И вот однажды, когда юноши прожили у саманов около трех лет, деля с подвижниками их радения, дошла до них многими – прямыми и окольными – путями одна весть, молва, легенда: явился-де некто, по имени Готама, Возвышенный, Будда, он преодолел в себе страданье мира и остановил колесо перерождений. Возглашая проповеди, в окруженье учеников он-де странствует по городам и весям, неимущий, безродный, безженый, в желтом одеянии аскета, но с ясным челом, исполненный радости, и брахманы и князья склоняются перед ним и делаются учениками его.
Эта весть, эта молва, эта сказка раздавалась, воспаряла то здесь, то там, в городах о ней толковали брахманы, в лесу – подвижники-саманы, вновь и вновь имя Готамы, Будды, достигало ушей Сиддхартхи и его друга – сказанное по-доброму и со злостью, с похвалою и с поношением.
Подобно тому как в краю, где властвует чума, возникает весть, будто там-то и там-то явился человек, мудрец, ведун, чьего слова и дыханья довольно, чтобы исцелить каждого из пораженных моровою язвой, и как затем эта весть бежит по всей стране и всяк говорит о ней, многие верят, многие сомневаются, а многие тотчас сбираются в путь, чтобы повидать мудреца, спасителя, – вот так же разнеслась по здешнему краю эта молва, благоуханно-парящая молва о Готаме, о Будде, мудреце из рода Шакья.
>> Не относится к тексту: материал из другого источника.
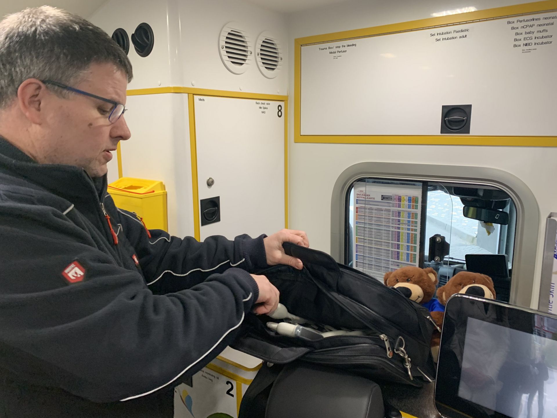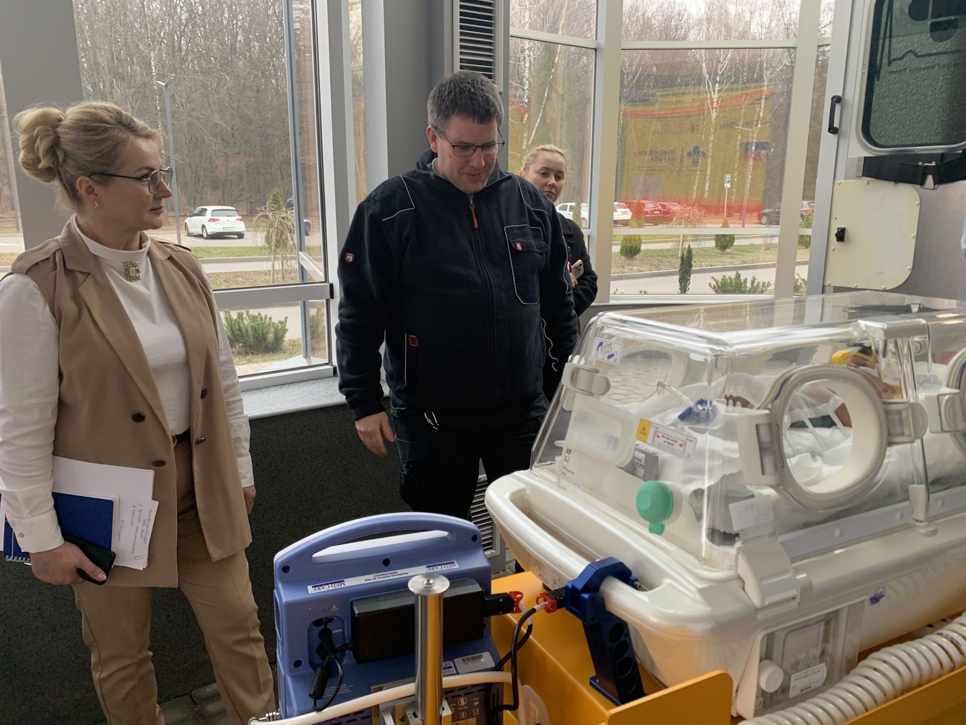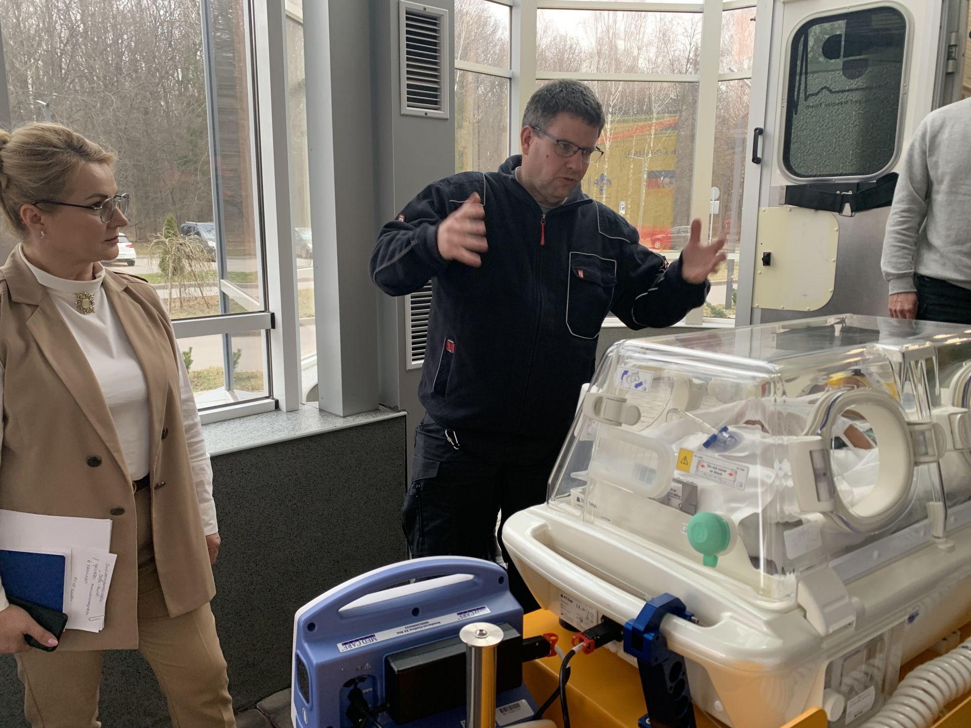 Машина максимально підведена до європейських стандартів по безпеці пацієнта. І зокрема тут є 8000 літрів кисню, апарати штучної вентиляції для новонароджених та дітей, портативні УЗД, набір для інтубації, якщо є проблема з дихальними шляхами, є ларингоскоп з камерою, зображення з якої передається на екран.

Ему, говорили верующие, присуще высшее познанье, он помнил о своих прошлых жизнях, он достиг нирваны и уже не возвращался более в круговорот, не погружался в мутный поток перерождений. Много дивного и невероятного рассказывали о нем, он творил чудеса, одолел демона, беседовал с богами. Противники же его и неверующие говорили, что этот Готама – тщеславный обольститель, что он проводит свои дни в удовольствиях, пренебрегает жертвами, не обладает ученостью и не знает ни радений, ни умерщвления плоти.
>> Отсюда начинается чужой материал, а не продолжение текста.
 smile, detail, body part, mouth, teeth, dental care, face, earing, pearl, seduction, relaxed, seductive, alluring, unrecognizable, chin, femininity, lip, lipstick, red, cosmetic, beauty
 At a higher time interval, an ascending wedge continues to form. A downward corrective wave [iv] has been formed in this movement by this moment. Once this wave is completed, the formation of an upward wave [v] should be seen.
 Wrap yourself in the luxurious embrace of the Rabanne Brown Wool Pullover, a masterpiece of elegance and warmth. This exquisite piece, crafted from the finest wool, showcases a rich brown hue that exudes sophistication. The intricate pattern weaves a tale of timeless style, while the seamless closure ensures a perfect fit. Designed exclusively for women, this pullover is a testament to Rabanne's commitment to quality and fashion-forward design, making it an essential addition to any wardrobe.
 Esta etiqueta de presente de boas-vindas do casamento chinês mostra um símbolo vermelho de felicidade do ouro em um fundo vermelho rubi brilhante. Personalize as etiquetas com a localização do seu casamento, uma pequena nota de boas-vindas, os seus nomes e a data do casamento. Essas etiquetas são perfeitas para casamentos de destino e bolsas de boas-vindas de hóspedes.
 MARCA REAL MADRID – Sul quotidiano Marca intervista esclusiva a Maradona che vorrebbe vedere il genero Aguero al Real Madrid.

Сладостно звучала молва о Будде, волшебством веяло от этих рассказов. Болен был мир, нестерпимо тяжела была жизнь – и вот здесь словно забил источник, словно раздался зов предвестника, утешный, ласковый, исполненный благородных обетов. Повсюду, куда доносилась молва о Будде, повсюду в индийских землях прислушивались к ней юноши и загорались ожиданием, загорались надеждой, и сыновья брахманов что в городах, что в деревнях дарили гостеприимством всякого странника и пришельца, если приносил он весть о нем, о Возвышенном, о Шакьямуни.
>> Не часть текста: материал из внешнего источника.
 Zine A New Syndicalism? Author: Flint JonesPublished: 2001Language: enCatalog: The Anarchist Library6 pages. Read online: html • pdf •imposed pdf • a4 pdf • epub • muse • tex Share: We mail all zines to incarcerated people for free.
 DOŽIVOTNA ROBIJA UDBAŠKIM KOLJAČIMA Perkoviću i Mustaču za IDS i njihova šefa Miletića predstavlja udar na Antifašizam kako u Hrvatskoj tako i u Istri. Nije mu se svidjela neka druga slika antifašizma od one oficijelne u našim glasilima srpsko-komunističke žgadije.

Добралась эта молва и до аскетов в лесу, и до Сиддхартхи, и до Говинды, медленно, капля по капле, каждая капля тяжела от надежды, каждая – тяжела от сомнений. Они мало говорили об этом, ибо старейшине саманов молва пришлась не по душе. Он слыхал, что мнимый этот будда некогда был аскетом и жил в лесу, потом, однако, вновь обратился к благополучной жизни и мирским удовольствиям, и оттого старый аскет ни в грош не ставил этого Готаму.
– О Сиддхартха, – сказал однажды Говинда своему другу, – нынче я был в деревне, и один брахман пригласил меня в свой дом, а в доме его находился некий сын брахмана из Магадхи, который собственными глазами видел Будду и слышал его проповеди. Поистине заболело у меня в груди, и я подумал: хорошо бы и мне, хорошо бы нам обоим, мне и Сиддхартхе, дожить до мгновенья, когда мы услышим проповедь из уст Совершенного! Скажи, друг мой, не отправиться ли и нам туда, не послушать ли проповедь из уст самого Будды?
Ответил Сиддхартха:
– Всегда, о Говинда, я думал, что Говинда останется у саманов, всегда полагал я, что цель его – достичь шестидесяти- и семидесятилетнего возраста, упражняясь в искусствах и раденьях, которые украшают аскета. И вот оказывается, я слишком мало знал Говинду, мало знал о сердце его. Итак, мой дорогой, ты желаешь отправиться в дорогу, туда, где Будда проповедует свое учение.
И Говинда произнес:
– Тебе угодно насмешничать. Что ж, насмешничай, о Сиддхартха, изволь! Но разве не проснулось и в тебе желание, стремление услышать эту проповедь? И не ты ли говорил мне, что недолго осталось тебе идти путем саманов?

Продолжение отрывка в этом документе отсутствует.